Потом-то — да, потом она высказалась:
Глупость; глупость и фанфаронство! — определяла она происшедшее спустя совсем короткое время, когда мы ехали к югу, направляясь к Воганам. — Ружьями и всем прочим увешаются и ну гоняться за бедным чернокожим Биллом, который, скорее всего, от страха еле жив в этих своих болотах. И ведь они, наверное, застрелят его! Нет, это просто ужасно!
На секунду она прервалась; краем глаза я видел, как она отерла нос от приставшей к нему пылинки. Опуская взгляд, я мельком задержал его на ткани ее юбки, туго натянутой на коленях, подпрыгивающих в такт коляске, но еще ближе ко мне была ее рука, белая, как молочный стакан, вся в голубоватых прожилках, и костяная ручка зонтика в неугомонных пальцах.
То есть ему, конечно, не следовало так делать, — продолжила она. — Бить мистера Френсиса, пусть даже и в отместку. Но вот честно, Нат! Нет в этом округе ни единой живой души, кто не знал бы про мистера Френсиса — про то, как он обращается со своими неграми. Все понимают, что он ведет себя ужасно. И мама тоже понимает. А тут — пожалуйста, погляди на нее! По мне, так и вовсе нет на этом Билле вины за то, что он дал сдачи хозяину. Что, ты не ударил бы Натаниэля Френсиса, когда бы он тебя так извел? Ну вот скажи честно, а, Нат?
Стараясь на нее не смотреть, я чувствовал на себе ее взгляд, лихорадочно примериваясь в мыслях, как бы этак ответить на вопрос, задать который изо всех белых ей одной могло хватить простодушия.

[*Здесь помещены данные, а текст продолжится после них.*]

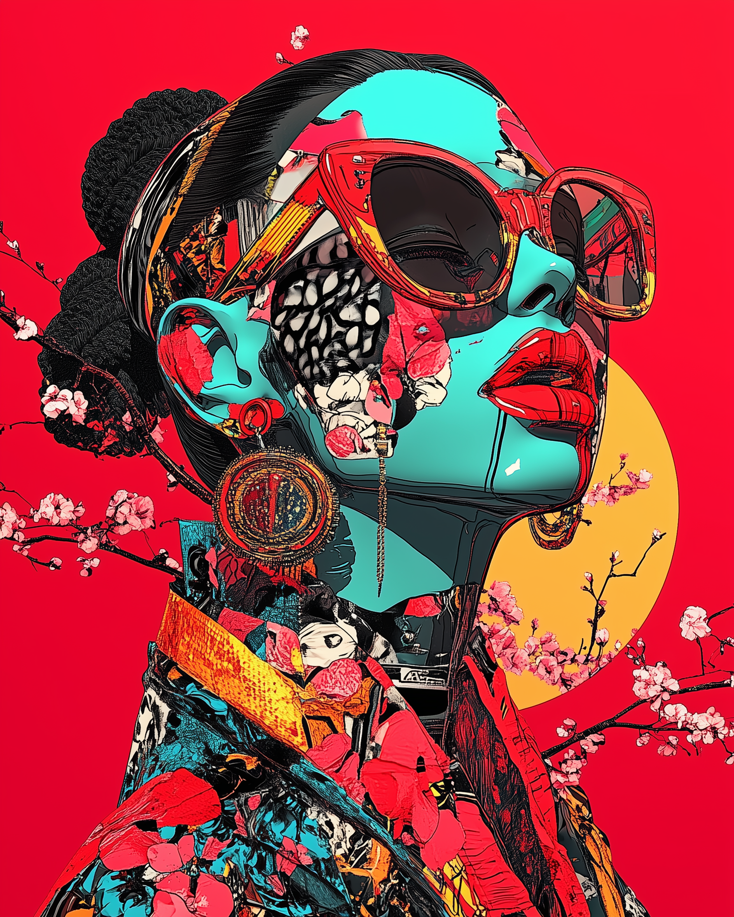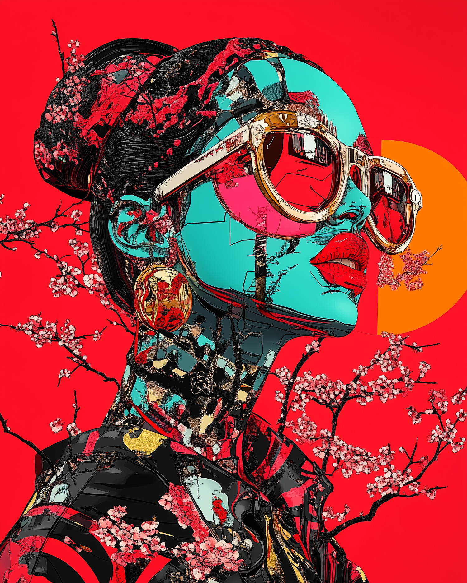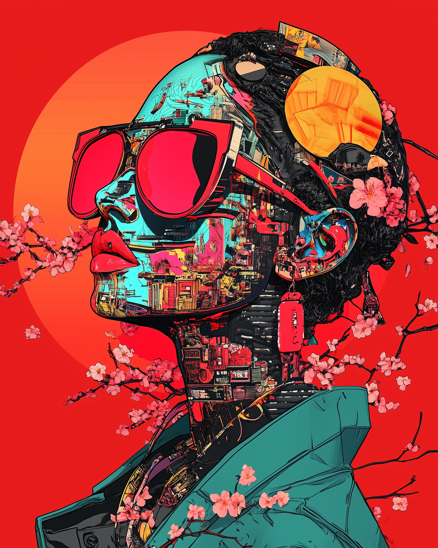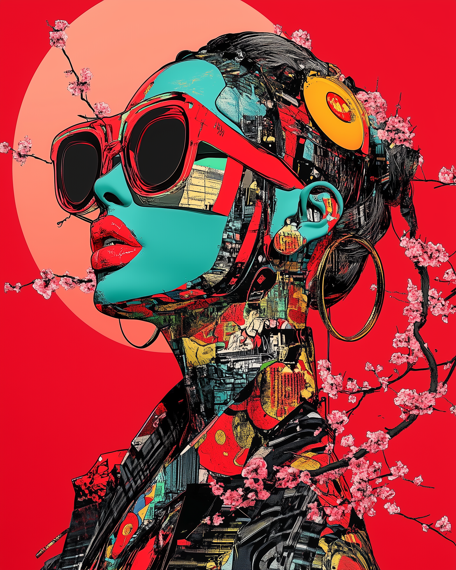 The face your algorithm shows you when you're about to confess something. Cherry blossoms pierce the code like guilt through a birthday text. She’s not listening. She already knows.

Ставить негра в положение, когда он должен отвечать на такой вопрос — это вообще нечестно, а та аура невинности и сочувствия, каковою она облекла его, будила во мне почему-то еще большее негодование и обиду. Не сумев сдержаться, украдкой я снова бросил взгляд на два мягко проступающих скругления, где юбка обтягивала ее бедра, на складки тафты в углублении между, на круглую костяную рукоять, которую она непрестанно вертела фарфоровыми пальчиками. Вновь я почувствовал на себе ее взор; не глядя, видел ее дерзко задранный подбородок с ямочкой, требовательный поворот лица, уверенного, ждущего. И все никак не мог найтись с ответом.

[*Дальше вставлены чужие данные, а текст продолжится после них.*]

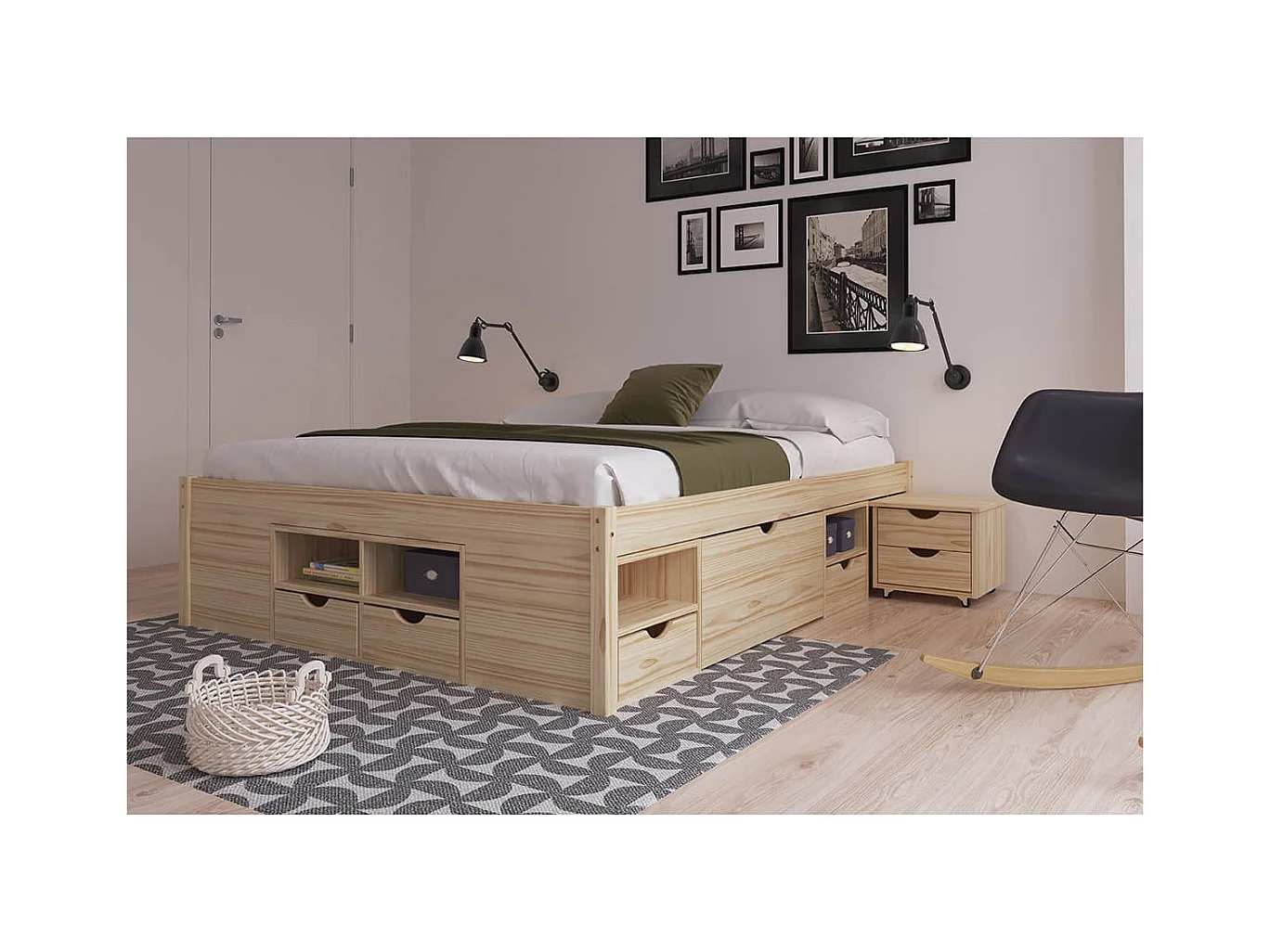 CALI - Lit 180x200cm multi-rangement Bois Massif

Я хочу сказать на его месте, а, Нат? — не отступала она, и ее девчоночий голосок щебетал так близко! — В смысле, я всего лишь женщина, это верно — однако, если б я была мужсчиной да темнокожим к тому же, и меня бы так измучил этот ужасный Натаниэль Френсис, я бы, конечно, дала ему сдачи. А ты нет?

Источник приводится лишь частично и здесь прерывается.